Sometimes there are lots of dumpling wrappers, but the stuffing is not enough. They can be saved for future use. So how to keep the dumpling skin? How to keep the dumpling skin not sticky?
How to keep dumpling skin?
It's very simple to keep the dumpling skin. Just wrap it up in a fresh-keeping bag and put it in the refrigerator. It should be OK to put it for 3-5 days. One thing to pay attention to is that the temperature of the refrigerator must be low, so that it can be preserved for a long time. Just don't let the dumpling skin freeze.
How to keep dumpling skin not sticky?
Dumpling skin and skin between starch can be separated. Or put it in the refrigerator for two or three hours, and then pick it up and put it in a bag.
How to make dumpling skin?
Materials: flour, water
Method: mix the noodles. Turn the tap to drop by drop, twist it clockwise, turn the flour into a dough, and make it a little harder.
Knead the dough. Keep kneading for at least ten minutes to make the dough stiff.
Wake up. Put the kneaded flour in the basin, cover it and wake up until you start rolling.

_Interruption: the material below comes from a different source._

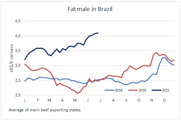 本周育肥牛市場保持堅挺,價格變化不大。隨著活牛運輸旺季到來,供應(yīng)仍然吃緊。然而需求端試圖減少采購來對抗這一情況,使價格不再繼續(xù)攀升。圣保羅州的平均價格與上周保持同一水平,銷售到國內(nèi)市場的育肥牛價格在310雷亞爾/15公斤,用于出口的育肥牛價格要高7雷亞爾。戈尼亞、米內(nèi)羅三角洲等地牛價有上漲,其他地區(qū)如大坎波、庫亞巴、隆多尼亞牛價有輕微上漲。批發(fā)市場周末的牛肉銷售不佳,但預(yù)計接下來幾天,受月初效應(yīng)影響牛肉銷售將有好轉(zhuǎn)。本周期貨市場育肥牛價格下跌,尤其是九月合同直至年末。這是由于巴西雷亞爾升值以及Guedes部長關(guān)于巴西貨幣有更多升值空間的預(yù)期,給出口商造成壓力,導(dǎo)致的出口平衡惡化。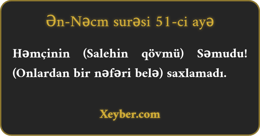 Həmçinin (Salehin qövmü) Səmudu! (Onlardan bir nəfəri belə) saxlamadı.

Put the dough on the panel and knead for ten minutes. Main point: put some flour on the panel and knead it more vigorously.
Knead into a ball, pick a hole from it, turn around and knead.
Divide into wedges of appropriate size. Knead the dough until the cross section of the dough stick is equal to the size of a dollar coin. When kneading, sprinkle some flour on the board to prevent sticking to the board.
Press dough. Sprinkle with flour, knead each dough with your hand and press it down with the big muscle of your hand and thumb. The one on the left has been pinched and the one on the right has been flattened. So you can start rolling leather!
Note: when rolling with a rolling pin, pay attention to thick middle and thin edge, and thick middle to prevent dumpling stuffing leakage, thin edge and good taste.